Born in a small Polish town where his father was a French teacher, Chopin began composing and improvising at the piano from a very early age. He was considered a child prodigy.  One of the few composers who wrote almost exclusively for piano—he did write a few songs, but didn't write any choral music, masses, oratorios, operas, anthems, or ventured into the symphonic realm—by the age of 18 Chopin had already identified and developed his own compositional style. He explored a wide range of emotion in music full of clear, graceful melodies.

After attending the Warsaw Lyceum and later the Conservatory, he left Poland for Vienna where he made his debut in 1829. In late 1830, he left again with the intention of continuing his studies in Germany and Italy, but instead he settled in Paris.

Chopin gave his first concert in Paris in February 1832. Even though he wasn't particularly successful with the Parisian public, he quickly became closely associated with the most prominent intellectuals, artists, musicians, Polish political activists, and financiers of his day. His circle of friends included the writers Victor Hugo and Honoré de Balzac, the painter Eugène Delacroix, and fellow musicians such as Franz Liszt, Vincenzo Bellini, Giacomo Meyerbeer, and Hector Berlioz. It was in the Parisian salons that Chopin's music met with boundless admiration, and he became an instant celebrity. His fame was cemented by striking new works including two sets of Études (Op. 10 and 25) (1829-1836), the Ballade in G minor, the Fantaisie-Impromptu Op. 66, and shorter pieces including Mazurkas and Polonaises inspired by Chopin's strong nationalistic feelings.

Composer: Frédéric Chopin

  • "Polonaise in A-flat major, Op. 53, Heroic"

Despite wide acclaim as a performer and an improviser, Chopin gave only around 30 public appearances over the course of his lifetime. When he did perform, it was almost always at small gatherings, or soirées musicales, where he felt that his music was most appreciated and understood by a select audience of admirers and friends. Sought-after as a teacher, especially by the Parisian upper class, Chopin was able to lead quite a comfortable life and devote a significant amount of time to composing. A shrewd businessman, he also struck advantageous financial deals with music publishers.

In 1836, Chopin met the famous French novelist George Sand—pen name of Amantine-Aurore-Lucile Dupin (1804-1876)—at the home of Liszt's mistress, the Comtess Marie d'Agoult. Sand became Chopin's companion and lover until 1847, providing the frail and shy composer with the care and nurturing environment that he needed to produce the majority of his most important compositions: Fantaisie in F minor (1840-1841), Barcarolle (1845-1846), Polonaise-Fantaisie (1845-46), Ballade in A flat major (1840-1841), Ballade in F minor (1842), and Sonata in B minor (1844), which was also known as the "Funeral March" sonata.

After Sand left him, Chopin's frail health declined drastically.
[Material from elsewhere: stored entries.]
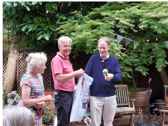
The raffle draw
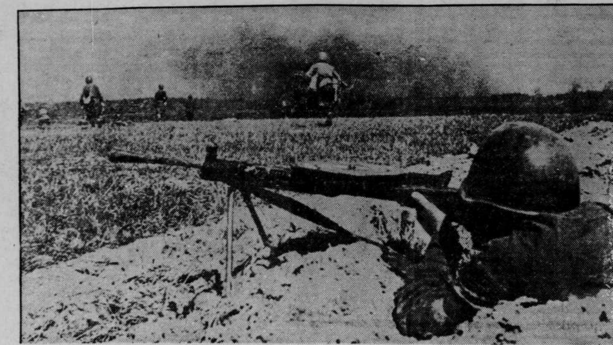
RUSSIA—Red infantry fighters attack Nazis in the Don arch, west of Stalingrad. Latest reports say that the Soviets are developing their gains in the Surovikino area, 90 miles west of Stalingrad after punishing tank battles. Although many Nazi troop and transport planes still manage to penetrate the area, the number is being lessened.
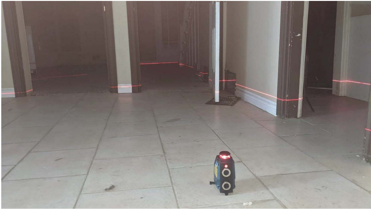
Photo 15: Ground floor showing excessive differential settlements.
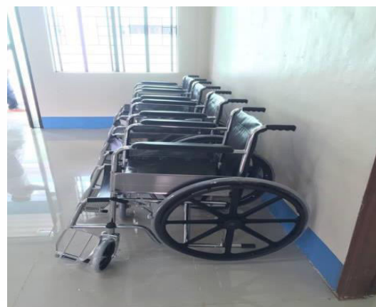
Wheelchairs standby for emergency transport of patients
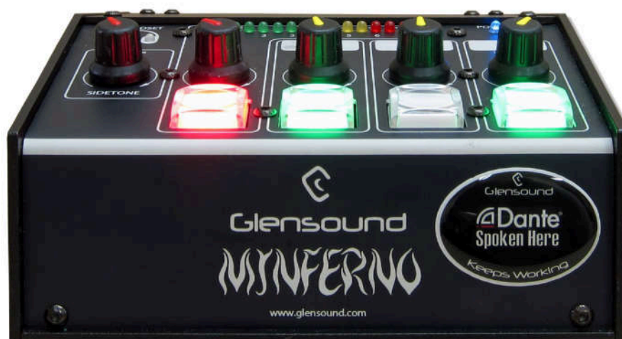
MinFerno/3 Commentator's Box
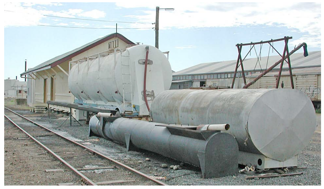
Standard large goods shed (above and on following page). Note the bulk product handling facilities, general clutter and the modern metal shed (far end).
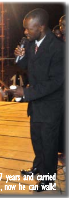
7 years and carried, now he can walk!
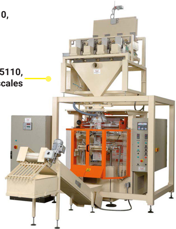
Form/fill/seal machine Mod CV5110, weighing unit with 4 scales
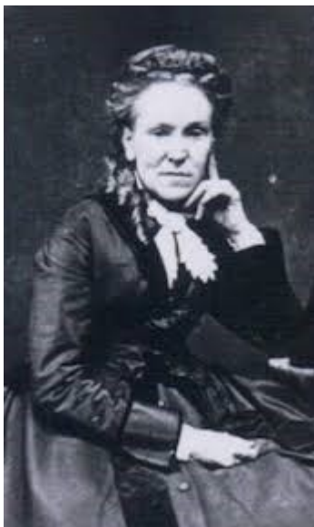
Matilda Joslyn Gage

Sponsored by the National Collaborative for Women's History Sites, the National Votes for Women Trail seeks to recognize and celebrate the enormous diversity of people and groups active in the struggle for women's suffrage. The NVWT consists of both a growing virtual trail of over 2300 sites, as well as a physical trail of over 200 historical roadside markers. To learn more, please visit nvwt.org . The roadside markers are generously funded by the William G. Pomeroy Foundation, a private, grant-making foundation based in Syracuse, N.Y.
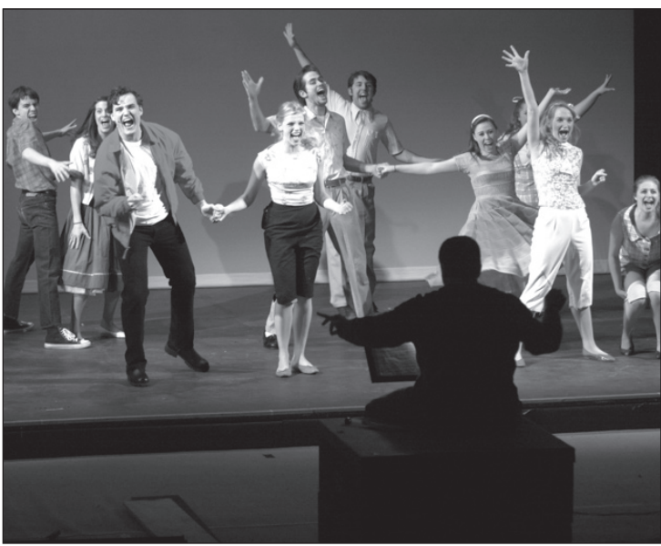
Cast members of Baylor Theatre's Bye Bye Birdie production rehearse Monday night for the opening of the show Thursday.
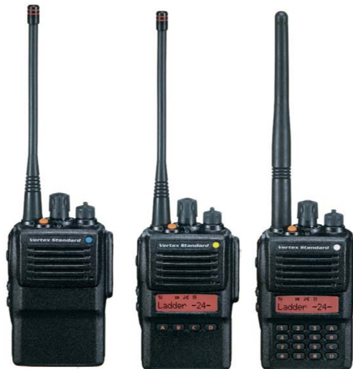
VX-821 VX-824 VX-829

His last public engagement was given at the Guildhall in London on November 16, 1848. A few months after his return to Paris, he succumbed to tuberculosis on October 17, 1849 at the age of thirty-nine.
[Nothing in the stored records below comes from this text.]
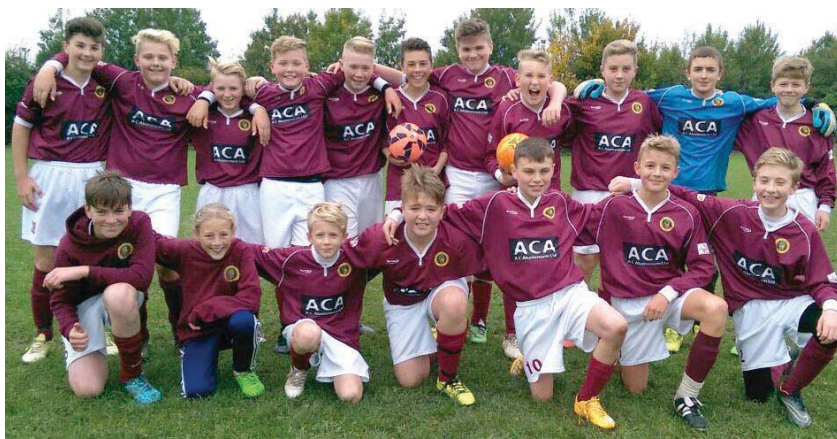
Newton Aycliffe Junior Under 14's Team
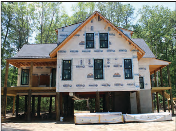
Custom homebuilder has his son by his side...page 5C.
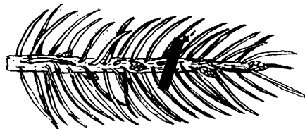
Figure 2. Pruning spruce and fir back to a side bud or side branch will encourage growth of side branches.

On young trees, pruning is useful in situations where bushier new growth is desired. Since these species produce some side buds, branch tips can be removed encouraging side bud growth. Prune late winter or early spring. [Figure 2]
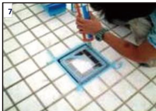
7) Fix solar tile by silicone or urethan ( no acid ingredient)
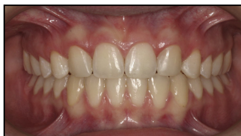
Fig 6. Bilateral space closure with canine substitutions of the missing maxillary lateral incisors. The canines have undergone enameloplasty, bleaching, and composite bonding.

dental work with the same digital camera with a resolution of 1280 \times 960 pixels and matched in size and color using Dolphin software (version 11.7; Dolphin Imaging and Management Systems, Chatsworth, Calif).
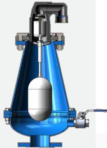
Sewage Air Valve
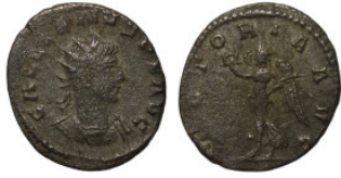
621 Roman Imperial. Billon. 21mm 2,78g
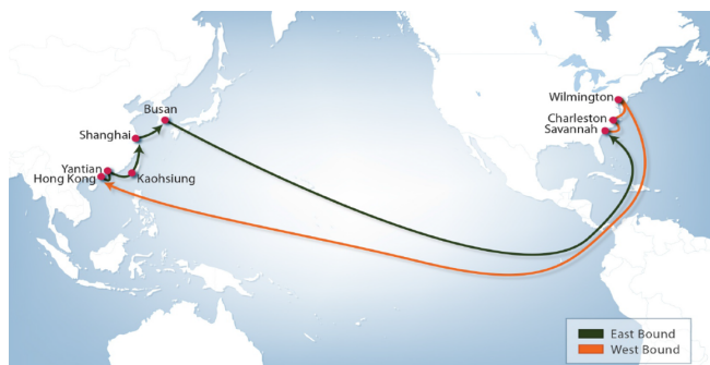
Figure 2: AWY All Water East Coast Service III of Hanjin Shipping
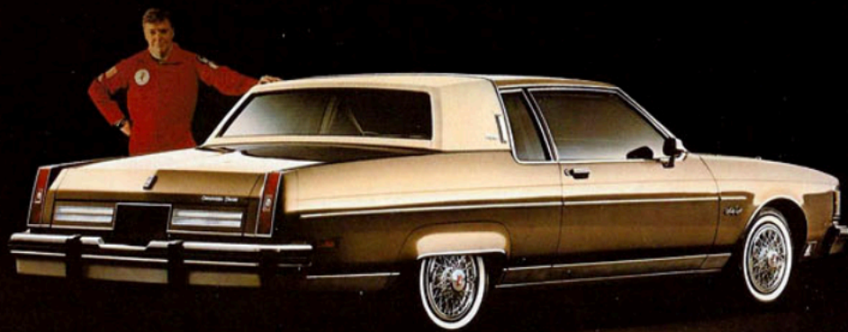
Ninety-Eight Regency Coupe.

Logic and luxury. In a Ninety-Eight Regency, you get the best of both.

The clarity, elegance, and formal balance of Chopin's music reflects his reverence for Johann Sebastian Bach (1685-1750) and Wolfgang Amadeus Mozart (1756-1791) and his rejection of any hint of program music. Aside from two early piano concertos (No. 1 in E minor (1830) and No. 2 in F minor (1829)), 17 Polish songs, and a few pieces for cello and flute, his entire output was devoted to solo piano. Few composers in the history of Western music have understood the intrinsic nature and potential of the piano as an expressive instrument as well as Chopin did. In his small but vastly influential output, Chopin left a legacy of technical innovation, daring harmonic and melodic effects, timeless beauty, and universal appeal. His works include 55 mazurcas, 16 polonaises, 26 preludes, 27 études, 21 nocturnes, 20 waltzes, 3 sonatas, 4 ballades, 4 scherzos, 4 impromptus, and several individual pieces such as the Barcarolle, Opus 60; the Fantasia, Opus 49; and the Berceuse, Opus 57.

George Sand in 1864 (1804-1876)

George Sand in 1864 (1804-1876)

Composer: Frédéric Chopin

  • "Mazurka No. 23 in D major, Op. 33, No. 2"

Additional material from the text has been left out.